Tesweb SA ist die 2006 gegründete juristische Person, die zwei Expertenbereiche betreibt: SOS Data Recovery (Datenrettung, führender Service in der Schweiz) und Bexxo (Cybersicherheit, Marke seit 2023). Bexxo ist eine eingetragene und geschützte Marke, die ausschliesslich dem digitalen Schutz von Unternehmen gewidmet ist. Diese doppelte Expertise — Datenrettung und -schutz — stellt eine einzigartige Positionierung in der Schweiz dar.

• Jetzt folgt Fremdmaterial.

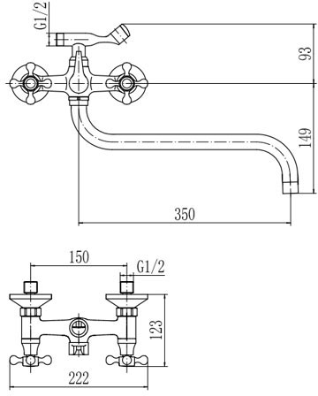 Смеситель для ванны Fashun A2619-2 универсальный Хром
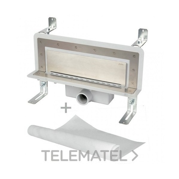 Canaleta de pared registable S-861 30mm inox rellenable salida frontal con lámina impermeabilizante de tela geotextil 2x1,5m
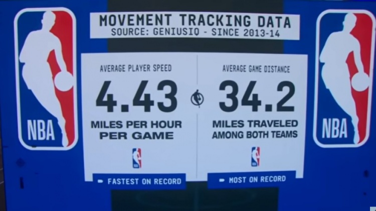 备注:数据来源自GENIUSIO - 自2013-14赛季起球员每场平均奔跑速度4.43英里/小时、球队场均跑动34.2英里
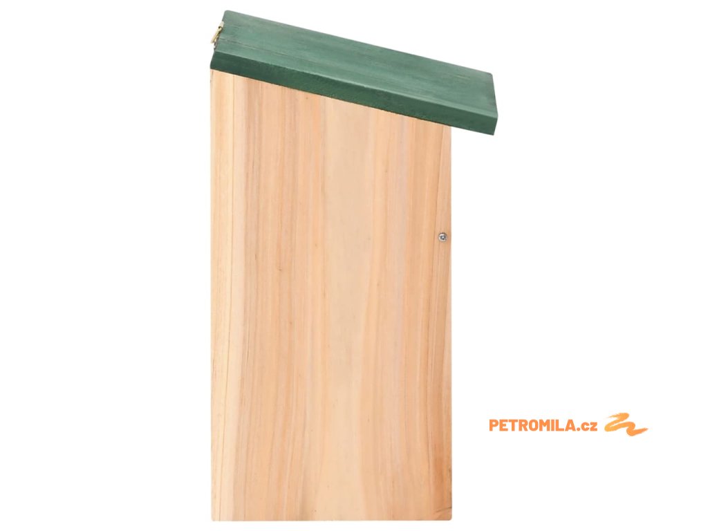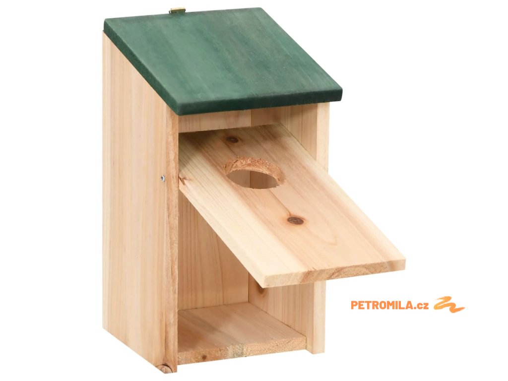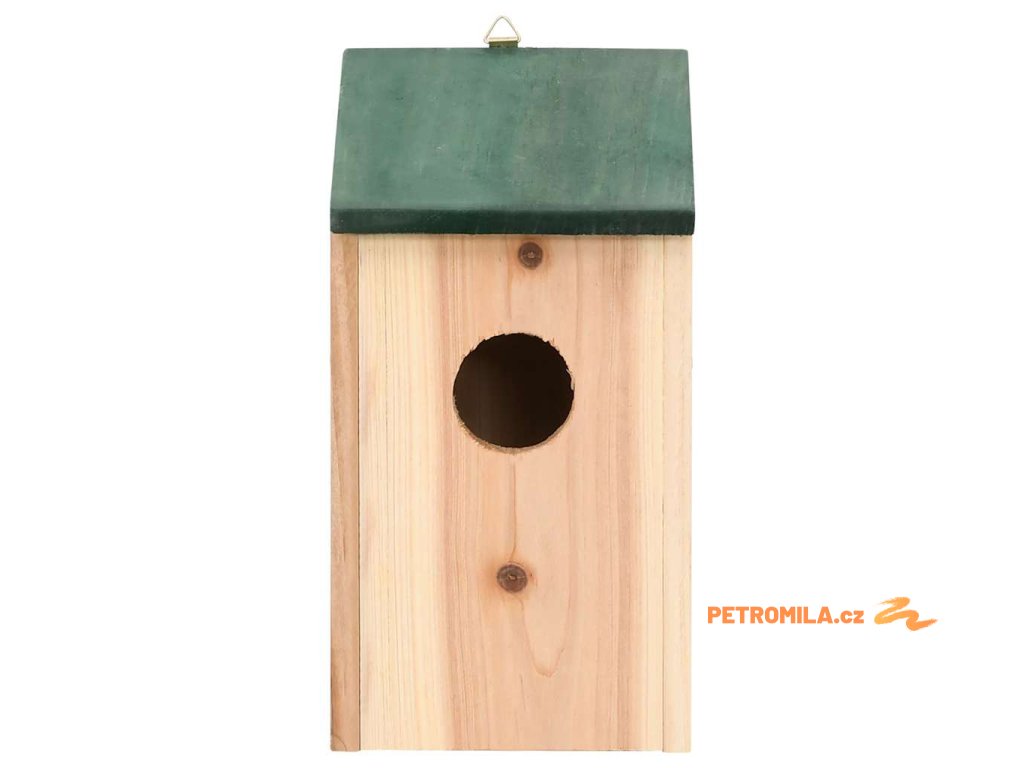 Se svou přírodní barvou a tmavě zelenou stříškou bude nejen perfektním místem pro hnízdění ptáků, ale také skvělou ozdobou vaší zahrady. Budka je vybavená kovovými háky, takže ji snadno zavěsíte kdekoliv na vaší zahradě.
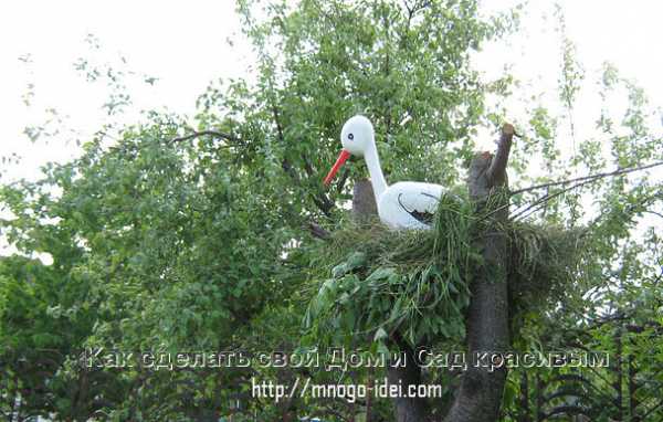 Аист — пенопласт подклеиваем с двух сторон на голове и на туловище, шпаклюем и шлифуем наждачной бумагой.
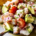 - Add avocado then serve: Sprinkle salt over the ceviche mixture, then fold in the avocado cubes, chopped coriander, and drizzle with extra virgin olive oil. Gently stir to combine and serve immediately with corn chips or crostini. Note that ceviche is best enjoyed fresh within 20 minutes to avoid overcooking and firming of the fish.
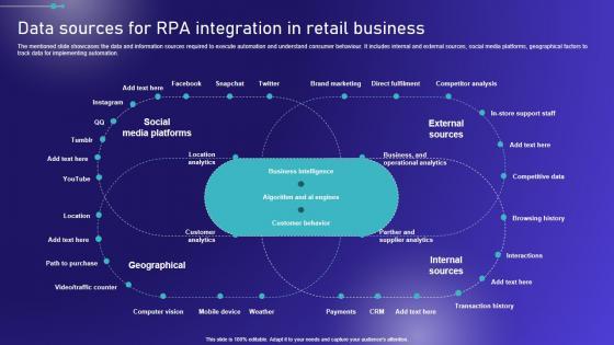 The mentioned slide showcases the data and information sources required to execute automation and understand consumer behaviour. It includes internal and external sources, social media platforms, geographical factors to track data for implementing automation. Are you in need of a template that can accommodate all of your creative concepts This one is crafted professionally and can be altered to fit any style. Use it with Google Slides or PowerPoint. Include striking photographs, symbols, depictions, and other visuals. Fill, move around, or remove text boxes as desired. Test out color palettes and font mixtures. Edit and save your work, or work with colleagues. Download Data Sources For RPA Integration In Retail Business Graphics PDF and observe how to make your presentation outstanding. Give an impeccable presentation to your group and make your presentation unforgettable.
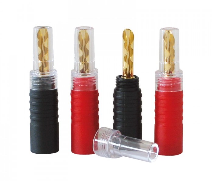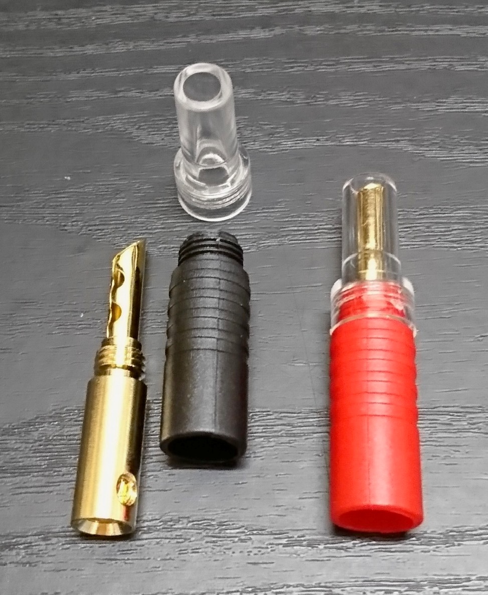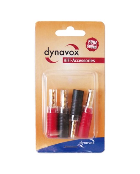 ダイナヴォックス社のバナナプラグ(4個セット、赤2個,黒2個)。スピーカーケーブルの接続に使います。
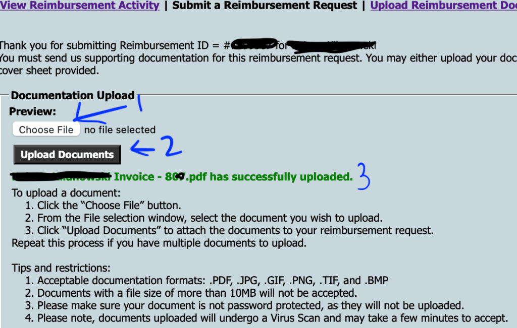 - Payment method noted on the invoice – if it is not, the recipient will need to submit a bank or credit card statement proving payment
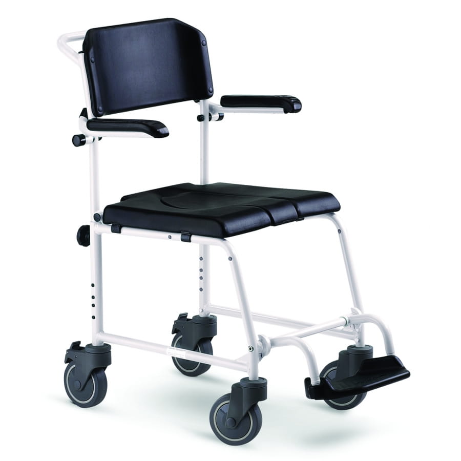 NIEMIECKI WÓZEK PRYSZNICOWO-TOALETOWY MCWET wykonany jest w całości z niekorodującego aluminium i stali nierdzewnej. Przeznaczony do kontaktu z wilgotnym środowiskiem, np. pod prysznicem. Siedzisko jest wyprofilowane anatomicznie z otworem higienicznym, umożliwiającym załatwienie potrzeb fizjologicznych. Wózkiem można najechać nad muszlę klozetową lub w jako opcja zainstalować pojemnik na nieczystości. Wózek ma uchylne podłokietniki oraz odchylane podnóżki. Ma także opcje zdjęcia oparcia dla łatwiejszego transportu lub przechowywania wózka. Tapicerka łatwo zmywalna, łatwo utrzymać go w czystości. Maksymalne obciążenie 120 kg.
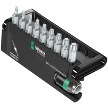 Набор в прочном футляре Bit-Check фирмы Wera. Наборы Bit-Check обеспечивают полный обзор всех размещённых инструментов. Лишние в работе биты просто возвращаются на свое место в футляре, чтобы не потерялись. Простая переноска, например, в кармане рубашки. Набор включает универсальный держатель с быстрозажимным патроном: технология Rapidaptor позволяет ставить биты даже без использования гильзы. Извлечение битов осуществляется простым сдвиганием гильзы вперед - моментальная смена битов даже одной рукой. Для битов с шестигранным хвостовиком 1/4" по стандарту DIN ISO 1173-C 6,3. Для установки в шуруповерт или патрон электродрели. Набор включает закалённые до вязкой твёрдости биты TORX®, для универсального применения.
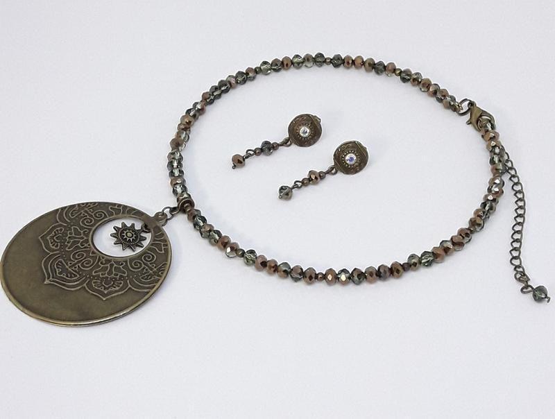 Кольє під шию з сережками-гвоздиками. Якщо обираєте для маленької принцеси, виглядади буде як на манекені. Для дорослих кол'є буде лежати більш до шиї. Виготовлено з скляних намистин ронделів, діаметром 6х4 мм., напівпрозорих зеленого кольору з гальванопокриттям на пів-намистини мідного кольору, на меморі-проволоці з додаванням металічної фурнітури кольору бронзи. 2 Кулони, з'єднані в один: підвіска сонце і кулон-квітка філігрань, діаметром 4,5 х 5,0 см. Довжина намиста 38 см. + ланка-подовжувач на замку 8 см.(дає можливість подовжити в більшу сторону намисто). Серьги-гвоздики, длина 3,0 см. от ушки. Дополнительные характеристики: Цвет : Зеленый Камни / вставки : Стразы Материал : Стекло

Die NVD (National Vulnerability Database) des NIST ist die offizielle amerikanische Quelle. CVE Find aggregiert diese Daten und fügt eine Schicht personalisierter Warnungen, Produktfilterung und EPSS-Scoring (tatsächliche Ausnutzungswahrscheinlichkeit) hinzu, die die NVD nicht nativ anbietet. Die Oberfläche ist auf Deutsch verfügbar.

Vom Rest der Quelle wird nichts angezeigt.